Published Nov 1, 2003
ShimmaShimma0304
124 Posts
So I've been a nurse for 8 years, right? And the WHOLE time that I've been a nurse, if a brand spanking new patient gets to your unit at the end of the shift (I had a patient arrive at 11pm and I work 3-11), you settle them in and the oncoming shift admits them. If you work for 8 hours and you do a good job and you're not a slacker... are you supposed to stay an additional hour to fully admit the patient??? I think NOT and I was wondering what others have to say on this. The nurse tonight was trying to make me feel guilty because I didn't do the complete assessment. AS IF she wouldn't have done the same to me. I'm a flex nurse and I float to all different areas in the hospital. I have nothing against anyone and I'm not trying to purposely put more work on anyone. I discharged 4 patients, totally admitted another... and she wanted me to do YET ANOTHER because she was planning to get several new admissions (who, mind you, had not had beds assigned to them yet). I told her that nursing is 24 hours. Don't ya'll know that if you stayed for as long as it took you to get everything perfect for the next shift that you would never leave the damned hospital??? PUH-LEEEEEEEEZE. I told her that she wasn't about to make me feel guilty and that I was leaving. The patient was stable, I settled him in, got his vital signs and he wasn't even a difficult patient! It would take her 2 minutes to do the damned admission paperwork. I worked my shift... tag! she was IT at 1130pm. Dammit.
RNonsense
415 Posts
It's CLASSIC for E.R., ICU, OTHER floors to send patients at shift change... so THEY don't get anymore patients put on them on the shift they are already on. Classic, classic, classic... I've worked in lots of different places as a travel nurse and just with my work history experience... and... Classic. It is a shame, yes. Occasionally you will meet a nice individual who will hold the patient until the other shift comes out of report, but since the patient was, indeed, stable and I didn't think it would be that big of a deal... I let him come. I got report on him at about 10:35pm and he didn't arrive until 11pm. Perhaps I would have done more than just do vitals, draw another Troponin level, and settle him in as I did if he had arrived sooner... but sheesh! I'm not real excited to float to that unit again... Seemed everyone ganged up and was smirking (not wanting to object to what they're co-worker said because they always work with her-- and you can kind of understand that) and one of the other girls agreed with her stating, "That's how we do it here... if you get a patient ANYtime on your shift, you have to do the admission assessment." I said, "So you want me to stay here for another hour when I've already been here for 8 hours?" I just left... like I said. Whatever. (the patient was sitting in bed smiling when I left, by the way-- he was FINE)
ERNurse752, RN
1,323 Posts
Originally posted by Marie030473 It's CLASSIC for E.R., ICU, OTHER floors to send patients at shift change... so THEY don't get anymore patients put on them on the shift they are already on. Classic, classic, classic... I've worked in lots of different places as a travel nurse and just with my work history experience... and... Classic. It is a shame, yes.
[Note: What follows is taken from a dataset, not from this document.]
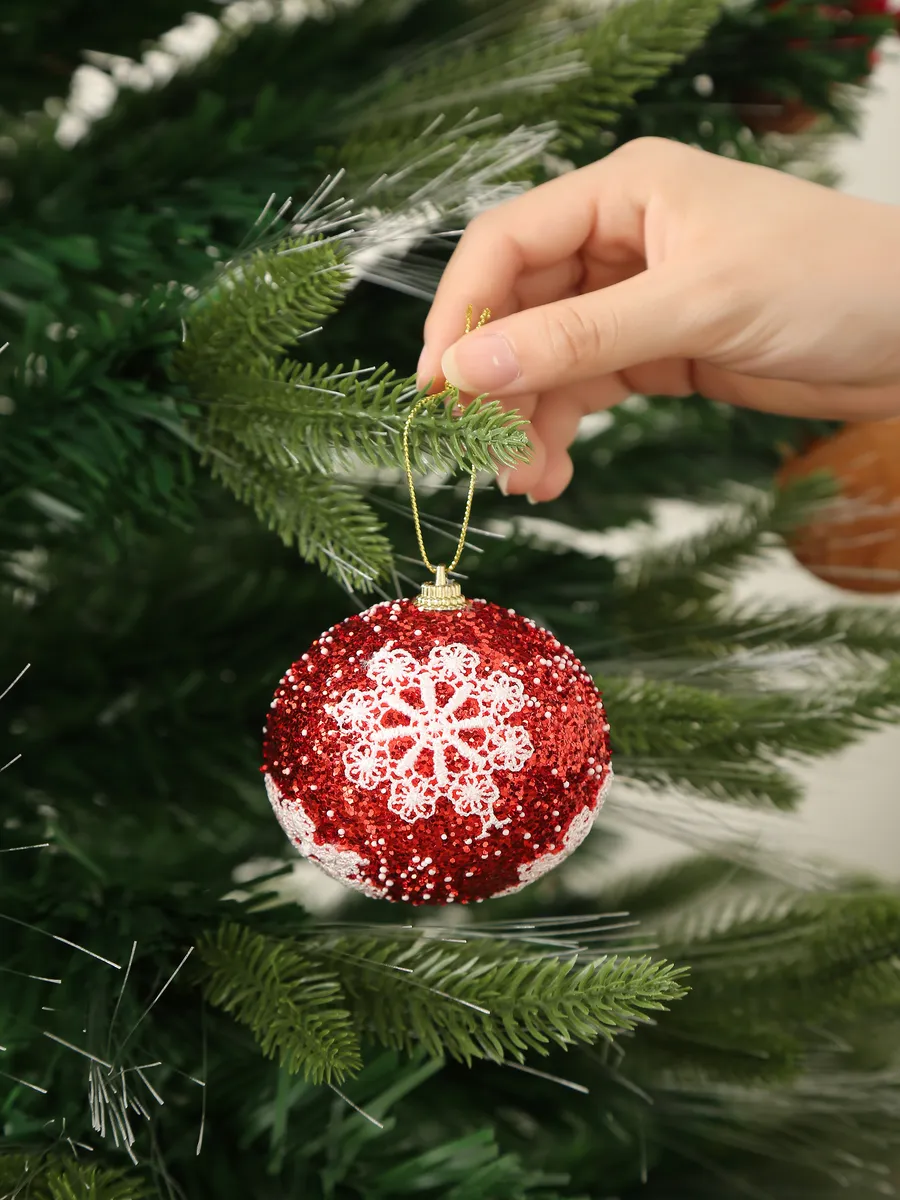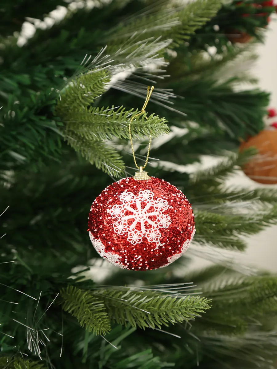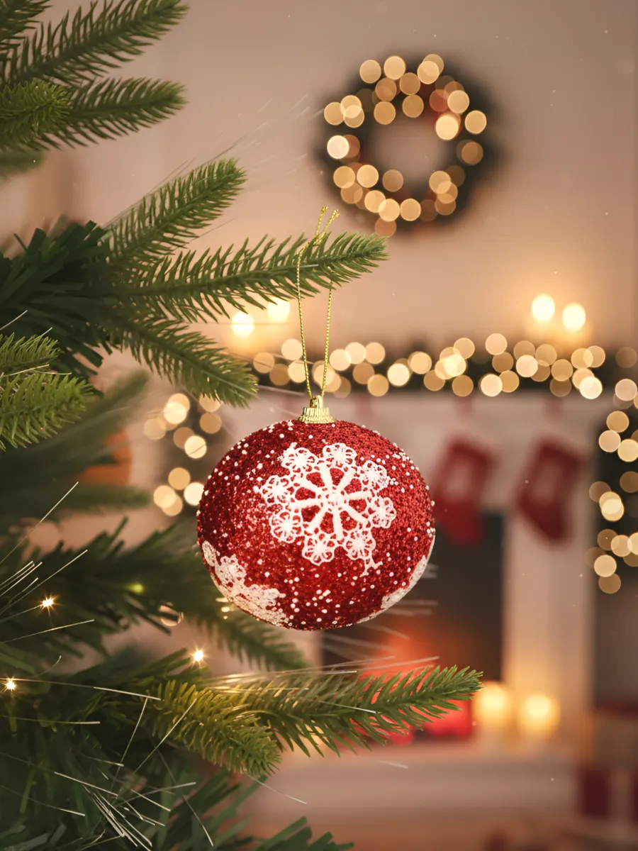 Ощутите лёгкость каждого шара в руках — качественный пластик не разобьётся, а насыщенный красный цвет с белыми переливами радует глаз и создаёт праздничное настроение. Декоративные снежинки словно танцуют на поверхности, напоминая о морозных узорах на окнах.

It's CLASSIC for E.R., ICU, OTHER floors to send patients at shift change... so THEY don't get anymore patients put on them on the shift they are already on. Classic, classic, classic... I've worked in lots of different places as a travel nurse and just with my work history experience... and... Classic. It is a shame, yes.
I'd like to hope it's not classic everywhere. Speaking only for myself, if a patient has been waiting several hours for a bed, why not send them up when a bed is ready, even at shift change? It's not about just trying to get rid of them.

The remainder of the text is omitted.